Monday, April 11, 2005

Anniversary, Zimbabwe, and Third Echelon, oh my!

I realise I have been away for rather an extended period of time, but, unfortunately, the requirements of Georgian that I finish my assignments and work, where they cold-heartedly insist that I arrive for my shifts at the scheduled time have left me with little time to post. But, allow me to catch everyone up as best I can:


April 5th was Carley and my second anniversary - once again, amazing how she lasted so long. She completely spoiled me and reminded me why I do love her so by buying me Toronto Rock tickets (for the April 1st game against defending champion Calgary). The seats were absolutely fabulous, we could see everything, and the Rock came away victorious. Of course, the fourth period started tied 9-9, forcing me to explain that the preceding three periods were in fact just as important as the forthcoming one, despite the fact that the teams were essentially starting from level ground.

She also got me a Rock t-shirt, and I, in return, got her Kingdom Hearts for her Gameboy and an old edition of Alice in Wonderland, which, unfortunately, does not any publication information, but the inscription on the inside says "Christmas '12" which I assume means Christmas 1912.

Depressingly, the weather did not seem to share our desire for a nice day, as a swath of Southern Ontario was transplanted to the Arctic circle.

But, it was great all the same, I truly am very lucky to have her!


First, some numbers on Zimbabwe:

70% - unemployment rate
50% - the amount the economy has decreased in five years
80-90% - the amount of people living below the poverty line
17,000 - the estimated number of people turned away at the polls
25 - the number of years incumbent president Robert Mugabe has been in power

The election results are in...the winner is...Robert Mugabe.

And, just like last time, the whole world went, "Yeah...the results probably weren't fair, do you think you guys could hold another election? No? Please? Alright, fine."


I am now the proud owner of Splinter Cell: Chaos Theory. It is wonderful. Very wonderful. Even if it can get a little silly at times.


Carley and I went to see Fever Pitch on Friday night. Correction: early Friday evening. Again, correction: early International Obnoxious Kids evening.

The movie was pretty good, even if it was by the Farrelly brothers (which was almost undetectable, except for a 30-second clip where Drew Barrymore is throwing up in her bathroom, apparently quite violently).

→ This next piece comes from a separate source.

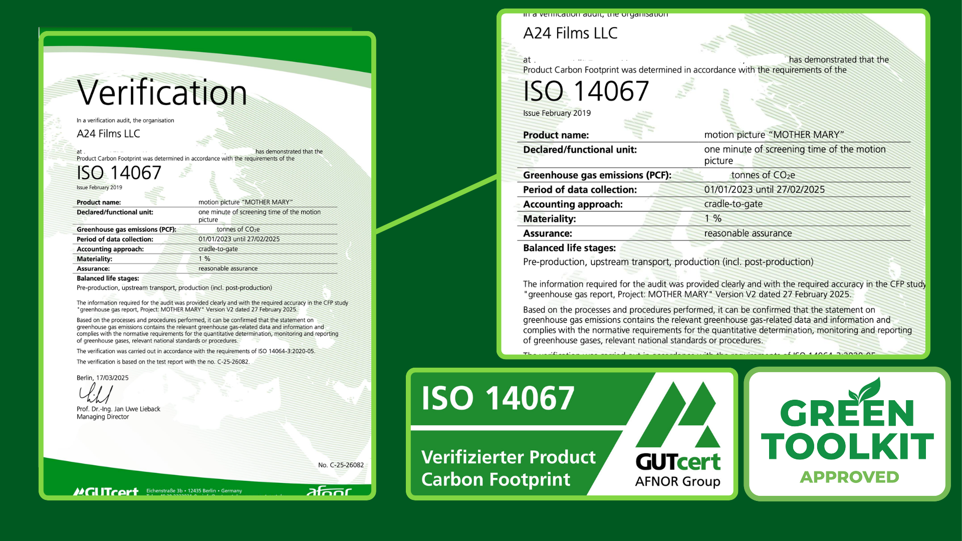 ISO 14067 Verifizierungszertifikat für die Filmproduktion „Mother Mary“ mit Bestätigung der Product Carbon Footprint Berechnung gemäß DIN EN ISO 14067 Klicken zum Vergrößern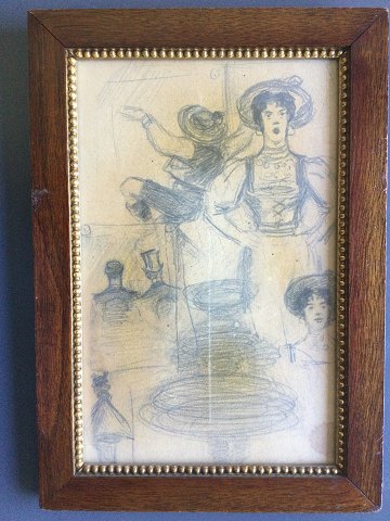 Tegning af Eigil Petersen - Mænd og kvinder i festligt lag.

The most noteworthy part of the night, however, was the two separate groups of idiotic noisy kids in front of and behind us. The group behind us were noisy, but not terribly obnoxious. At least they didn't kick our seats, à la Ocean's Twelve. The group in front of us, however...well, let's just say they left before the credits began to roll to avoid, as Carley quite accurately put it, a lynching.

Here are the notable participants:

Bathroom Guy - the guy who, honestly, saw about 20 minutes of the film. He'd sit for five minutes, then get up and leave the theatre for about 15 minutes. Then come back. Lather, rinse, repeat.

Popcorn Girls - the two girls who, sitting six seats apart, tried to see if they could toss popcorn into one another's mouth. In the dark.

What Did You Say? Girl - *leaning over three of her friends* "Pssst, what did you say?"
"What? Nothing."
*louder* "What?"
"Nothing! Be quiet!"
*louder, still* "WHAT?"
*end with fit of giggling*

Laughing Girls - at separate times, all the girls, who felt that the movie was, in fact, the absolute most funny movie ever.

And, of course, there is the wonderful Galaxy Nazi, the manager who provides the oh so essential service of telling people to keep their feet off the seats. He came over and talked to them three times, distracting us in the process, and then...leaving. Which solved the problem for as long as it took the theatre door to close, at which time they got louder just to spite him.

Carley made one comment that they heard, resulting in a dirty look, but which actually got them to quiet down for a few minutes.

And that was our night at Fever Pitch.


I started my job at Georgian, and, so far, have learned a bunch of jobs that have been prefixed with "You'll probably never have to do this, but...". So far, the only thing I will apparently be doing is counting the deposit.

Although, I can't complain too much, I do have a job, and a well-paid one to boot. Poor Carley apparently does not seem to fit whatever idea potential employers seem to have for her profession. And, of course, her co-op consultants are completely without any clearly apparent function. I agree with her when she says that it seems like all the jobs that are being posted are just token interviews with no real hope of an actual job.


And there you have it. I think I am caught up. It's been a long week-and-a-half, including a very stubborn mini-cold that has plagued Carley and I for about three days now.